The whole two weeks was a write-off.  I spent the time sleeping.  Or waking up in a panic, as my pillow suddenly got threatened by an end run from my nose.   I bought food and didn’t eat it.   The lazy-boy chair endured countless hours accommodating my zombie ass.  I’m telling you – I was freaking miserable.

I hadn’t been sick like this for…what was it?  Three years.  At least.  And the only thing I could think was “man, I really need a woman to take care of me right now.” 

That’s right. I said it.  

Eventually though – thank God – you come out of it.   Eventually you can taste stuff again.  Smell it.   The chirping of birds no longer annoys you.  You sort of like it.   The sun is no longer a hammer to your eyeballs.  Instead it’s pleasant.  Inviting.  And warm.

The night before the day I was to go back to work, there was one last nightmare.   I was back working in a factory, doing excruciatingly dull labour.  The bright glare of the unforgiving factory lights shone down on the bare metal of the car skeletons as they screeched their way slowly down the line.  Bright welding sparks burnt your retinas, throwing everything into a momentary carbon of reality: black was white, and vice versa, for only a moment.  The pounding of hammers thrummed in your ears, in counterpoint to the unending anxious wail of hydraulic lifts.   A cloud of dirt smudged the air, making it difficult though not impossible to find your way to wherever it was your were going.    

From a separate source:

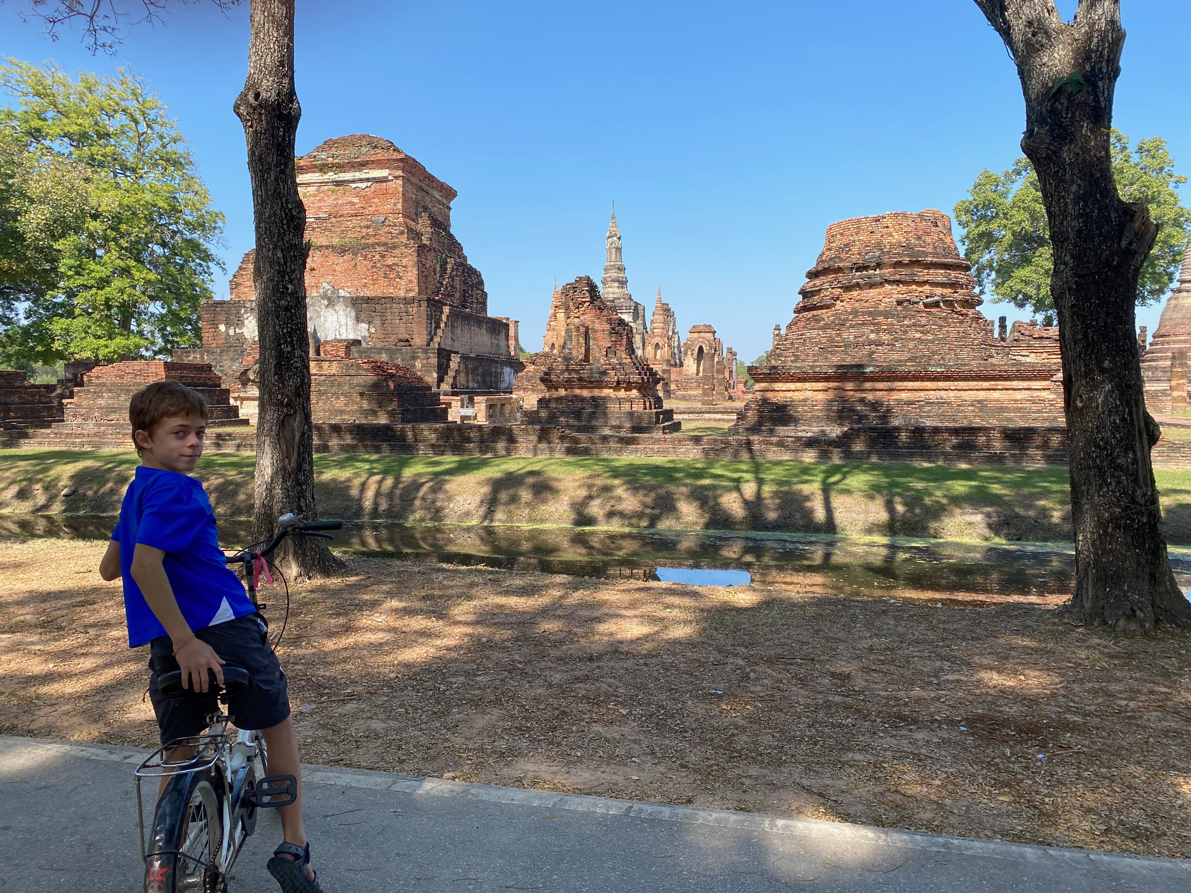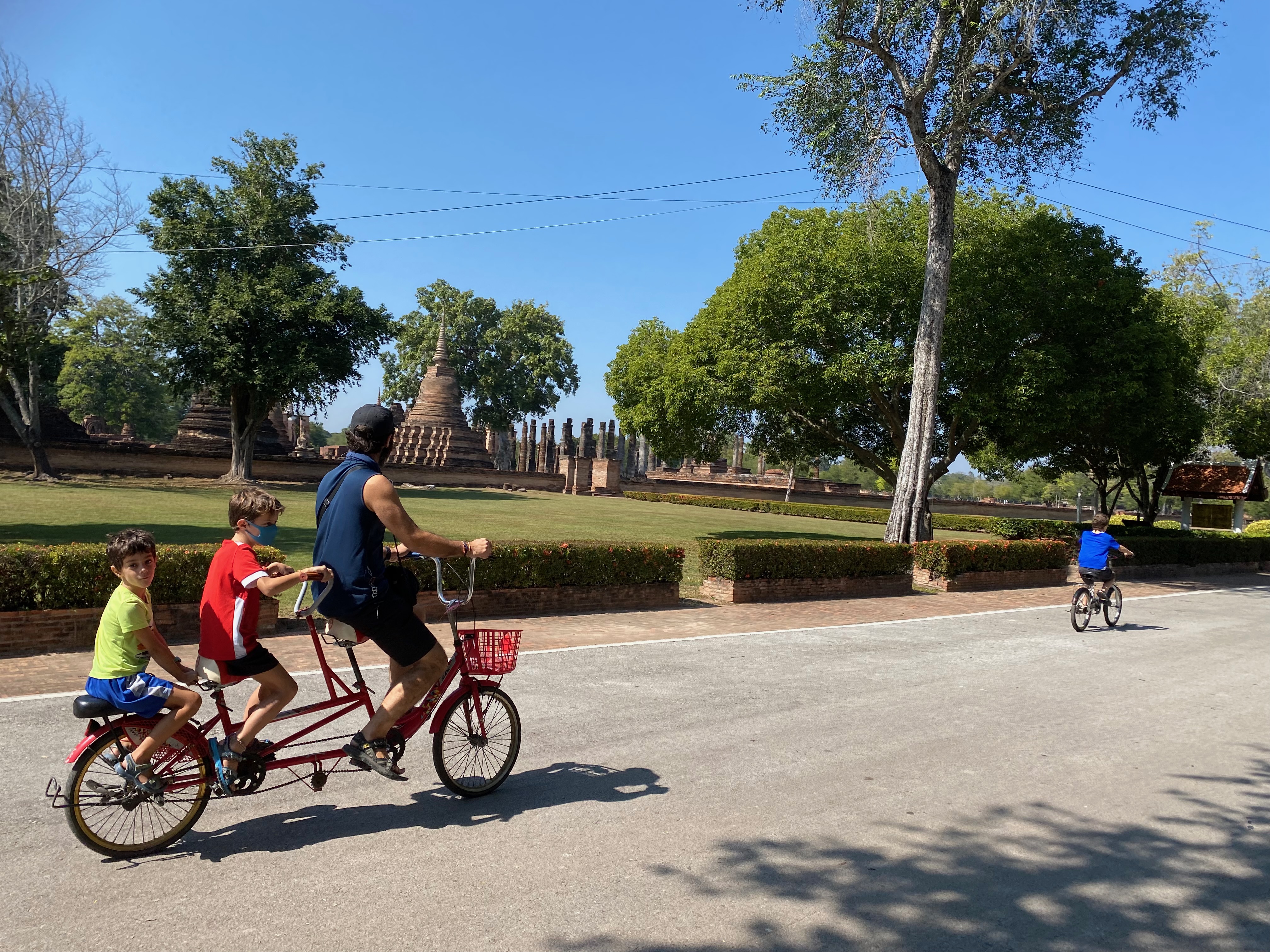 היות והגענו עד סוקותאי, החלטנו בכל זאת להשאר פה 2 לילות ולספוג את הקנס על האיחור בחידוש הויזה ולראות את העתיקות פה ורק אז להמשיך לצ׳אנג מאי למחרת. אבל עייפות החומר ניכרת בכל, הילדים לא הכי זרמו והכל הלך עם קושי ומועקה. עשינו טיול אופניים קצר בעתיקות, ממש יפה שם, עופר שבדיוק כששאלתי אותו יומיים קודם מה הוא הכי היה רוצה לעשות בטיול – זכה להגשים בדיוק את מה שהוא ביקש ולנסוע עם אבא באופניים של 2. אבל אז עידו נפל עם האופניים שלו, קיבל את הכידון בחזה, עם סימן יפה למזכרת. ואנחנו ויתרנו על המשך הטיול, החזרנו את האופניים והלכנו לאכול צהריים במסעדה מתוקה ממש מחוץ לפארק העתיקות. עידו השתפר במהרה כמו הספורטאי התותח שהוא, והאנרגיות התחדשו.

Frowning, I told my boss I was getting ready to throw up (I wasn’t) and that I had a bad headache (I didn’t).   I just wanted out of there.  Now.  And eventually, he agreed to let me go home.  It was basically a flash-back to so many days and nights in a car factory from years ago.  Everything was the same, and it was all serving to create a mental pain that was equal to the physical illness just recently endured. 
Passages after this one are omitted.